The Ceph Object Gateway can be integrated with the Keystone identity service. This integration configures RGW to use the Identity service as the user authority. If Keystone authorizes a user to access the gateway, then the user is also initially created on the Ceph Object Gateway. Identity tokens that Keystone validates are considered valid by the Ceph Object Gateway. The Ceph Object Gateway is also configured as an object-storage endpoint in Keystone.

Block Storage

Block storage is implemented in OpenStack by the Block Storage service (Cinder). The Block Storage service provides persistent volumes that remain in storage and are stable when not attached to any instance. It is common to configure the Block Storage service with multiple back ends. The default storage back end is the Logical Volume Manager (LVM), which is configured to use a volume group called cinder-volumes. TripleO can create the volume group during an installation, or use an existing cinder-volumes volume group.

When Ceph storage is integrated into RHOSP, TripleO configures the Block Storage service to use RADOS Block Devices (RBD) as the back end. Block Storage volumes are stored in a Ceph pool called volumes. Volume backups are stored in a Ceph pool called backups. Ceph block device images attach to an OpenStack instance by using libvirt, which configures the QEMU interface to the librbd Ceph module.
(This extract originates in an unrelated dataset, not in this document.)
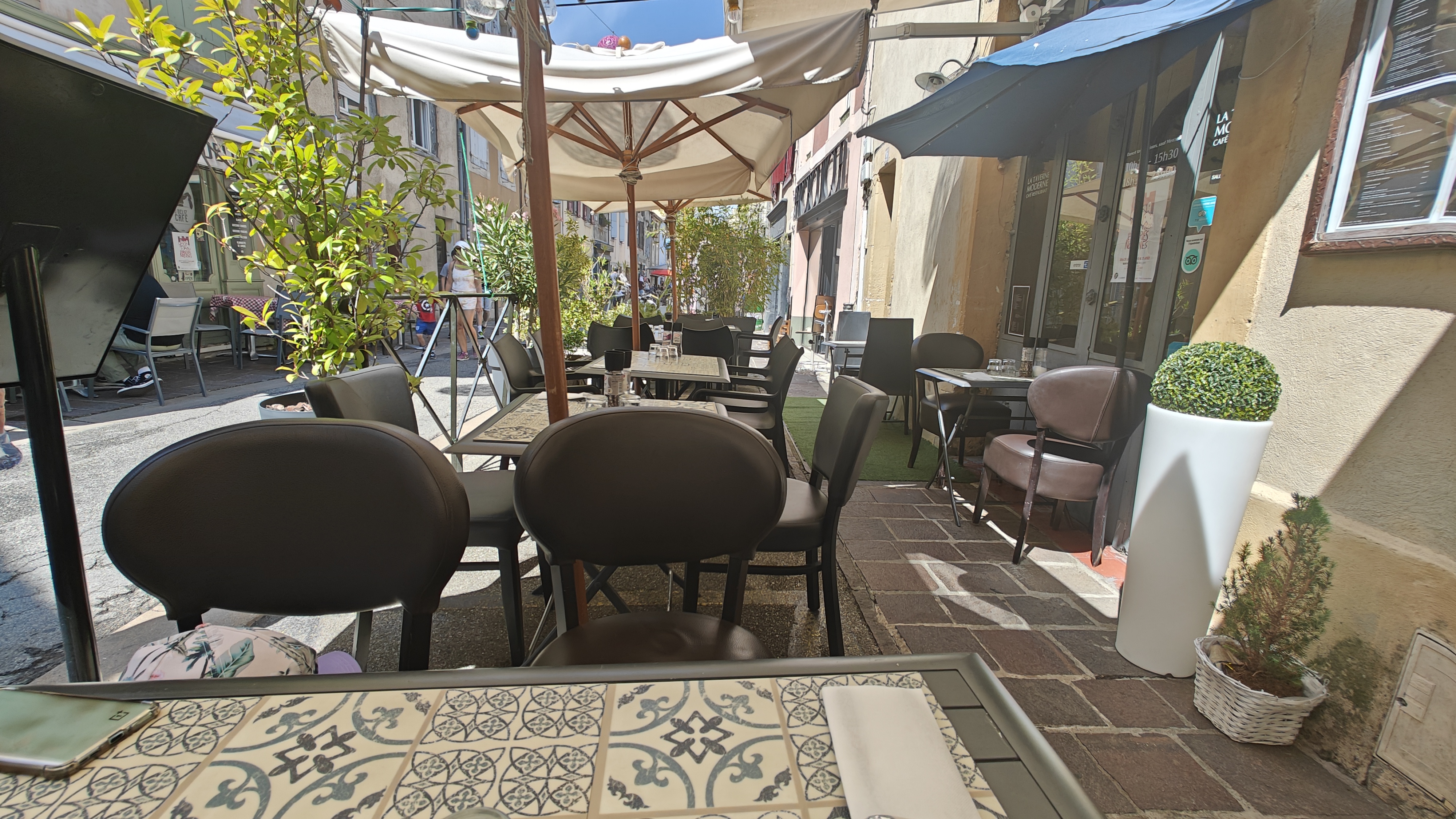 Patronne et serveuse désagréables., hautaines. Nous prenons la peine de consommer pour pouvoir utiliser les toilettes parce que c est la moindre des choses et comme une seule conso on se fait refuser l accès en pleine chaleur et fête du 14 juillet. On voulait laisser un pourboire. Le café hors de prix et a priori pas assez source de revenus pour mesdames. Le bar juste a côté nous a invité à accéder aux toilettes sans consommer en comprenant que j étais malade. Du coup ils ont eu le pourboire! Un peu d humanité ça fait du bien. Mais pas à la taverne moderne! À éviter!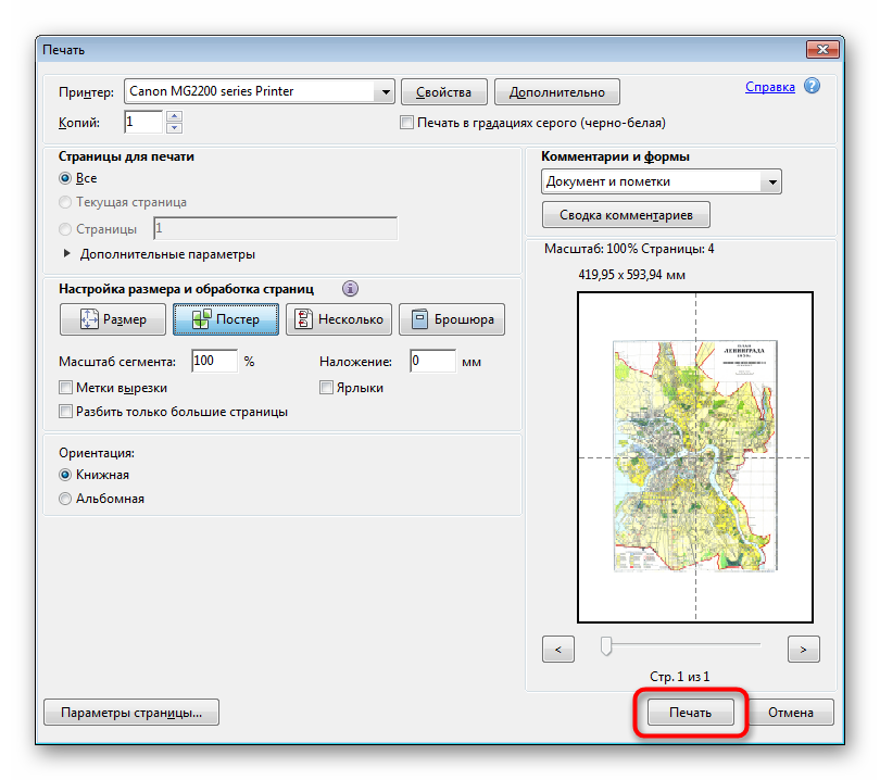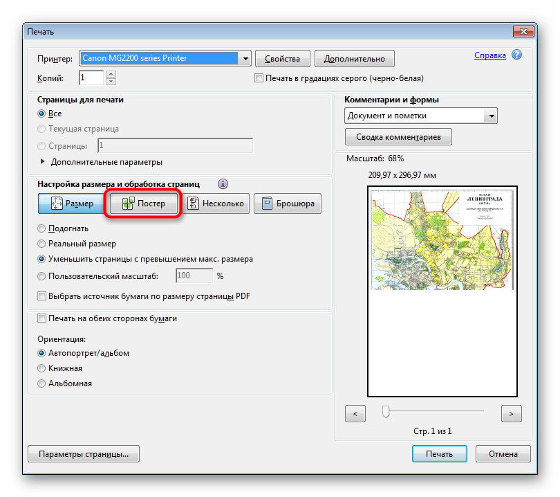 Переместитесь к разделу «Постер», чтобы приступить к установке параметров распечатки.

Ceph stripes block volumes across multiple OSDs within the cluster, providing increased performance for large volumes when compared to local drives.
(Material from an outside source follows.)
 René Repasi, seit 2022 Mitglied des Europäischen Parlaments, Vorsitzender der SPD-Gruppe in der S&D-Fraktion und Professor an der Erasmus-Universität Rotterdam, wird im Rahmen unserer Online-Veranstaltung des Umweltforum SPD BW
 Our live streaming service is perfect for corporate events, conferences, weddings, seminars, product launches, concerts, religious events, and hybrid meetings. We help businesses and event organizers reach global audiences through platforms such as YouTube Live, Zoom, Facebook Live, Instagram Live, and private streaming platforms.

OpenStack volumes, snapshots, and clones are implemented as block devices. OpenStack uses volumes to boot VMs, or to attach to running VMs as further application storage.

File Storage

File storage is implemented in OpenStack by the Shared File Systems service (Manila). The Shared File Systems service supports multiple back ends and can provision shares from one or more back ends. Share servers export file shares by using various file system protocols such as NFS, CIFS, GlusterFS, or HDFS.

The Shared File Systems service is persistent storage and can be mounted to any number of client machines. You can detach file shares from one instance and attach them to another instance without data loss. The Shared File Systems service manages share attributes, access rules, quotas, and rate limits. Because unprivileged users are not allowed to use the mount command, the Shared File Systems service acts as a broker to mount and unmount shares that the storage operator configured.
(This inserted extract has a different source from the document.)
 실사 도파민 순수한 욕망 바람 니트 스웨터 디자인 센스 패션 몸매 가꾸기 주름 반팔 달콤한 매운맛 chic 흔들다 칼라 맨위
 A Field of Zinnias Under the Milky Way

When Ceph storage is integrated into RHOSP, TripleO configures the Shared File Systems service to use CephFS as the back end. CephFS uses the NFS protocol with the Shared File Systems service. TripleO can use the ControllerStorageNFS server role to configure an NFS Ganesha cluster as the scalable interface to the libcephfs back end.

Compute Storage

Ephemeral storage is implemented in OpenStack by the Compute service (Nova). The Compute service uses the KVM hypervisor with libvirt to launch compute workloads as VMs. The Compute service requires two types of storage for libvirt operations:

  • Base image: A cached and formatted copy of the image from the Image service.

  • Instance overlay: A layered volume to be overlaid on the base image to become the VM's instance disk.

When Ceph storage is integrated into RHOSP, TripleO configures the Compute service to use RADOS Block Devices (RBD) as the back end. With RBD, instance operating system disks can be managed either as ephemeral, to be deleted when the instance is shut down, or as a persistent volume. An ephemeral disk behaves like a normal disk, to be listed, formatted, mounted, and used as a block device. However, the disk and its data cannot be preserved or accessed beyond the instance that it is attached to.

In earlier OpenStack releases, a disk of a running VM appeared in the /var/lib/nova/instances/<uuid> directory of the hypervisor file system. Earlier Ceph versions could boot VMs only with the Block Storage services boot-from-volume function.

In recent versions, you can boot every VM inside Ceph directly without using the Block Storage service. This feature enables hypervisors to use the live-migration and evacuate operations to restore VMs in another hypervisor during a maintenance operation or on a hardware failure.